I clenched my fists, my fingernails digging into my palms.
"I don't have a father to go back to either," I said.
Ging stopped shifting. He didn't turn around, but the rustling of his blanket ceased completely.
"People hear my name and they expect my father. They expect this fearless, perfect protector. They think his strength was just handed down to me because I'm his son. But I'm not a hero like him. I'm just the kid who was left behind in the ashes."
"Left to rot away and presumably die."
"When I was five," I continued, staring down at the bruised knuckles of my hands, "My family was attacked. By Death Bringers.
I had to sit in the dark and listen to my father be torn apart while trying to hold them off. I watched them drag my older brother into the shadows. They left my home in ashes."
The words felt like swallowing glass, but I forced them out.
"I don't fight because I'm fearless, Ging. I fight because I have a debt to pay to the monsters that took everything from me,"
I told the dark room. "I know exactly what it means to be terrified. I know what it's like to have your back against the wall with nowhere else to go."
Ging slowly turned back over, his eyes wide and shining in the shadows. All of his frustration was gone, replaced by a heavy, profound understanding.
"So yes," I said quietly, my voice firm. "It takes a lot more courage to fight when you're terrified than it does when you're fearless. You aren't pathetic, Ging. You're a survivor. We're survivors."
Ging stared at me for a long moment, his eyes shining in the dim light. He swallowed hard, the last of his defensive walls finally crumbling away.

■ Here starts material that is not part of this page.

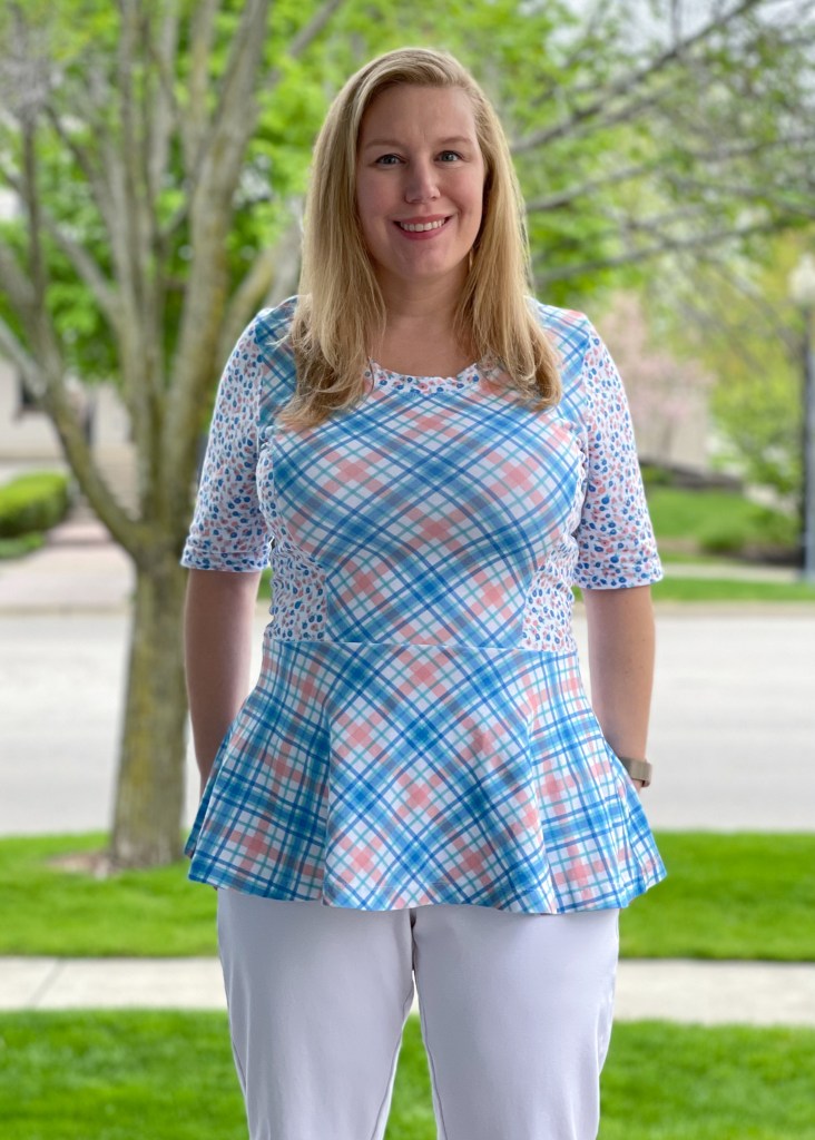 I used a Diagonal Plaid Print Fabric and Simple Dot Floral Print Fabric from the same Bright Spring fabric collection as my Fraser cardigan above. I really love it with this top and will wear this outfit tons to work.

He gave me a small, genuine nod before lying back onto his thin mattress.
"Thank you," he whispered, the words barely carrying over the deep hum of the ship's engine.

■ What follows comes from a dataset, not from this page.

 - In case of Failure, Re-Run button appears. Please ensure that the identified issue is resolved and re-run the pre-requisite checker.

"Get some sleep, Ging," I replied quietly.
I reached up and clicked off the small lamp above my bed, plunging the cramped barracks into complete darkness.
I lay back against my pillow, staring up at the shadow of the steel bunk above me.
As I closed my eyes, letting the rhythmic thrumming of the ship carry me toward sleep, the suffocating anxiety in my chest felt just a little bit lighter.
For the first time since the night my father died, I realized I wasn't carrying the weight of the world alone. I listened to Ging's quiet breathing, thought of Saki sleeping on the bunk across the room, and finally let myself rest.
Get rest for the first day of the Academy.